Task prompt:
Restate all the data word for word and omit the pictures.

Source material:
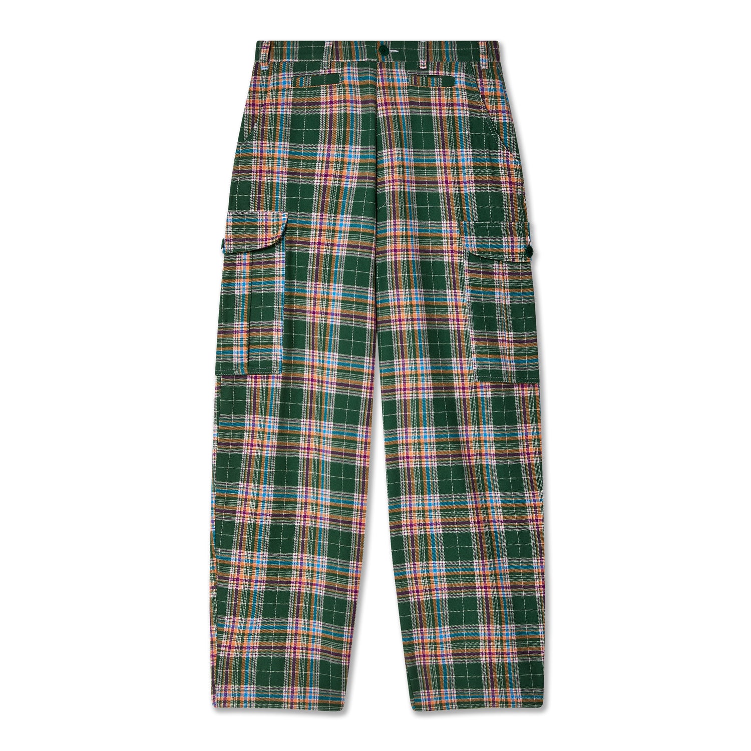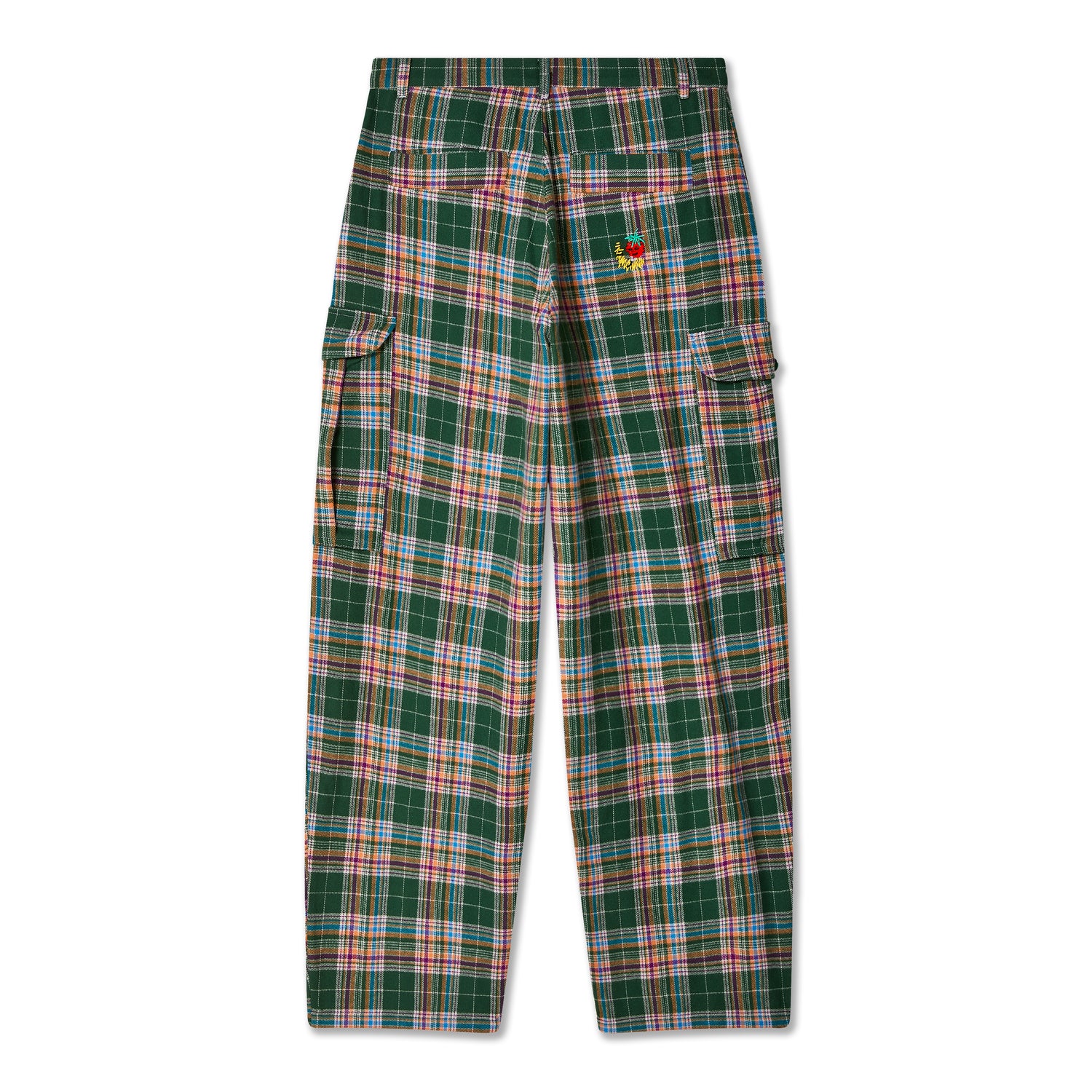 In a green & red plaid pattern, the pants features a slouchy, relaxed fit and there are two roomy pockets on both thighs.
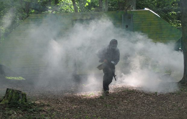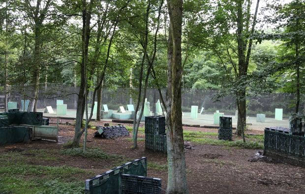 Nach einer kurzen Verschnaufpause geht es mit dem Paintball spielen jetzt so richtig los. Dir stehen dabei sage und schreibe acht Felder zur Auswahl – wo Du spielen willst, entscheidest Du selbst. Warum das Gelände in Simmern so riesig ist? Hier wird auf einem alten Munitionsdepot der Bundeswehr gespielt! Hier wirst Du nicht einfach in eine Halle gesteckt, sondern Du schießt auf einem weitläufigen Waldgelände – der Ursprung vom Paintball! Dir werden aber nicht nur unterschiedliche Felder zur Auswahl gestellt, Du hast außerdem die Wahl zwischen verschiedenen Spielmodi. Und: Die Dauer des adrenalingeladenen Spiels ist nicht begrenzt: Innerhalb der Öffnungszeiten kannst Du Paints abfeuern, solange wie Du willst!
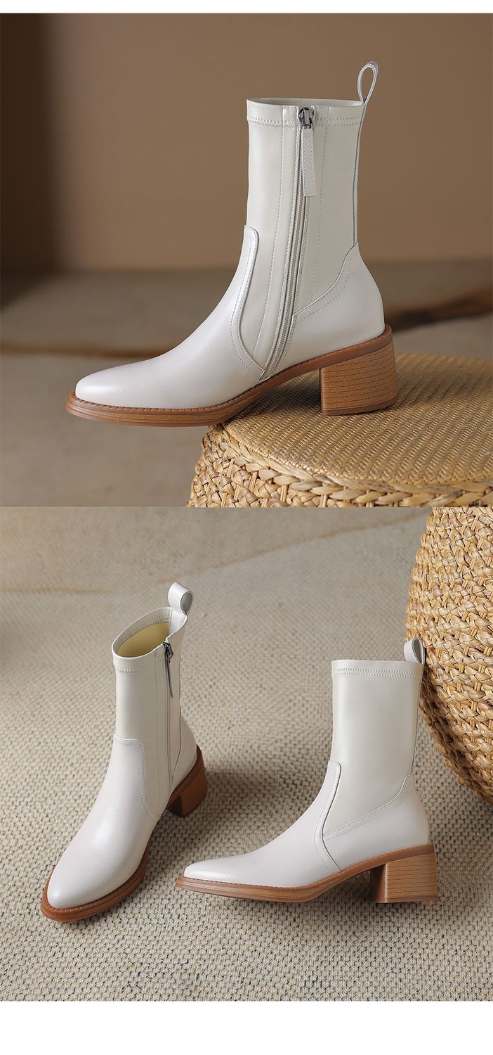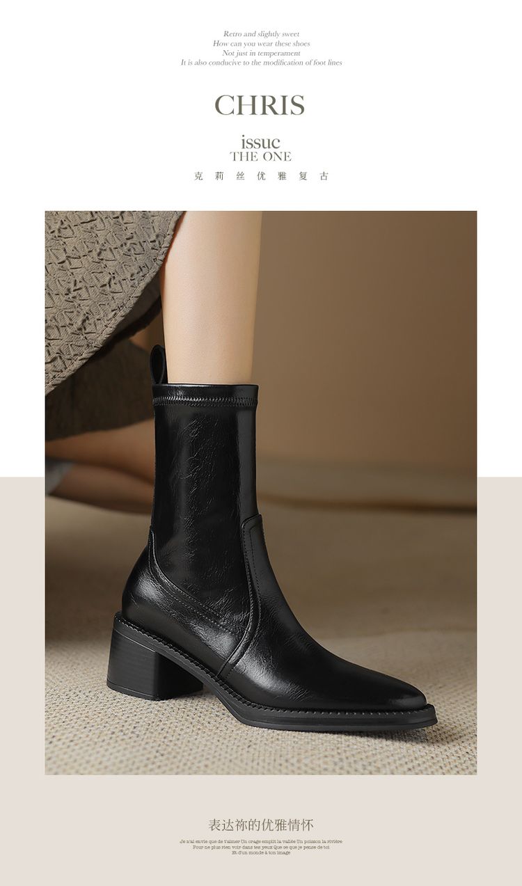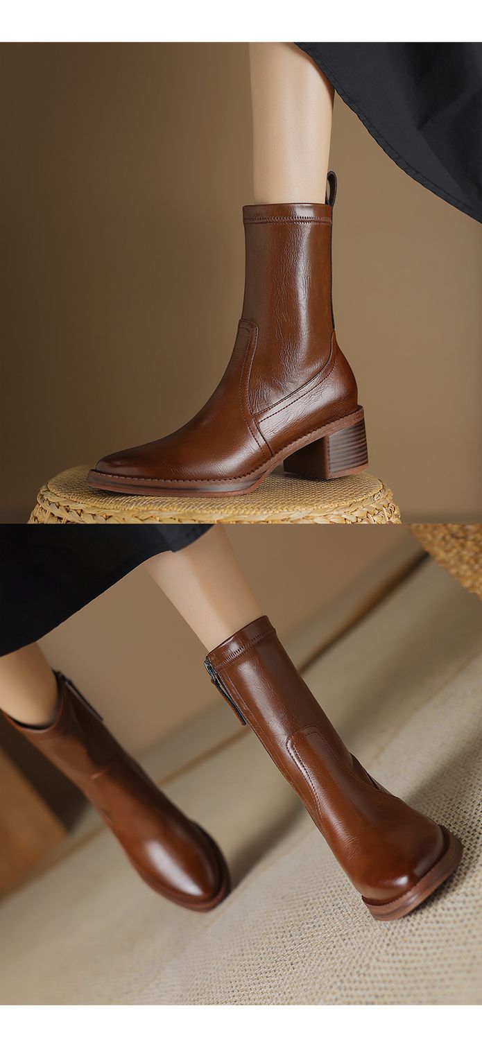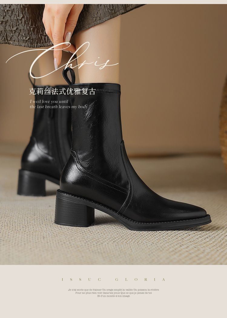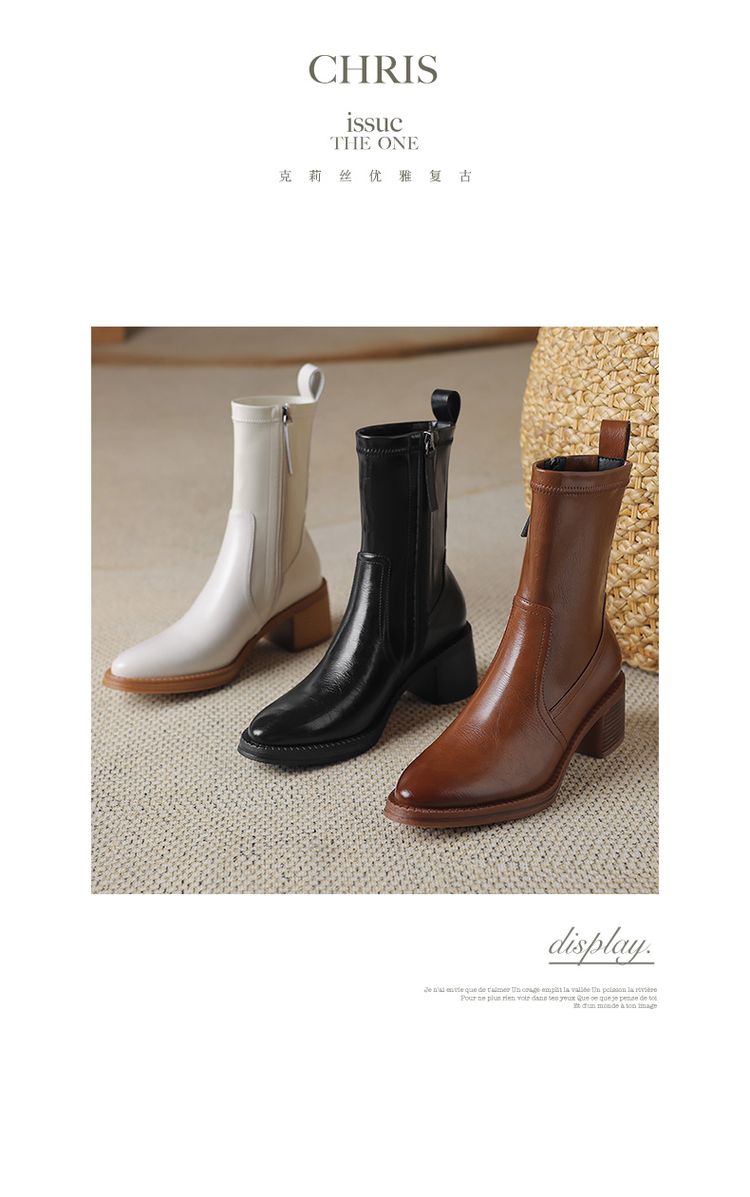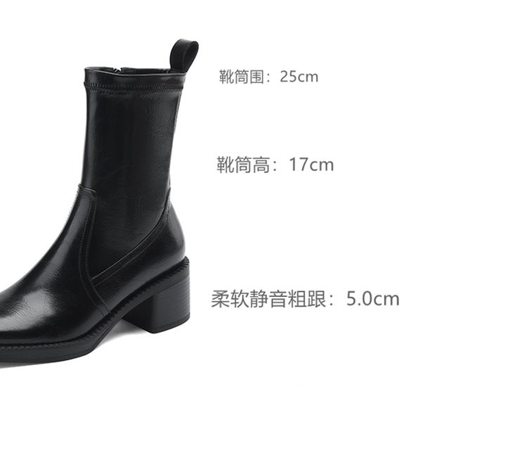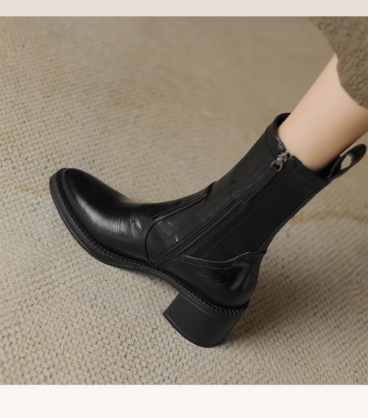 【预售5天】法式复古真皮圆头粗跟短靴女秋冬季新款中跟马丁靴高跟瘦瘦靴DTN&D906-13
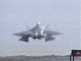 Un F-22 con problemas en el aterrizaje choca contra la pista a gran velocidad. |
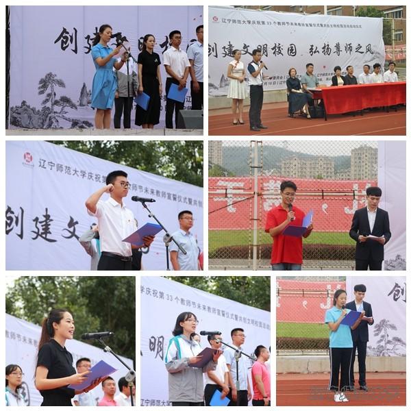 9月10日,我校在黄河路校区与西山湖校区同时举行了庆祝第33个教师节未来教师宣誓仪式暨共创文明校园活动启动仪式和“尊师爱生”服务一条街活动。校党委副书记李培山,教务处、学生处、党委宣传部、校团委相关领导,各学院党总支副书记、团委书记,教师代表应邀出席了此次活动。2017级全体师范专业新生参加了此次活动。

Written solution:
 In a green & red plaid pattern, the pants features a slouchy, relaxed fit and there are two roomy pockets on both thighs.
 Nach einer kurzen Verschnaufpause geht es mit dem Paintball spielen jetzt so richtig los. Dir stehen dabei sage und schreibe acht Felder zur Auswahl – wo Du spielen willst, entscheidest Du selbst. Warum das Gelände in Simmern so riesig ist? Hier wird auf einem alten Munitionsdepot der Bundeswehr gespielt! Hier wirst Du nicht einfach in eine Halle gesteckt, sondern Du schießt auf einem weitläufigen Waldgelände – der Ursprung vom Paintball! Dir werden aber nicht nur unterschiedliche Felder zur Auswahl gestellt, Du hast außerdem die Wahl zwischen verschiedenen Spielmodi. Und: Die Dauer des adrenalingeladenen Spiels ist nicht begrenzt: Innerhalb der Öffnungszeiten kannst Du Paints abfeuern, solange wie Du willst!
 【预售5天】法式复古真皮圆头粗跟短靴女秋冬季新款中跟马丁靴高跟瘦瘦靴DTN&D906-13
 Un F-22 con problemas en el aterrizaje choca contra la pista a gran velocidad. |
 9月10日,我校在黄河路校区与西山湖校区同时举行了庆祝第33个教师节未来教师宣誓仪式暨共创文明校园活动启动仪式和“尊师爱生”服务一条街活动。校党委副书记李培山,教务处、学生处、党委宣传部、校团委相关领导,各学院党总支副书记、团委书记,教师代表应邀出席了此次活动。2017级全体师范专业新生参加了此次活动。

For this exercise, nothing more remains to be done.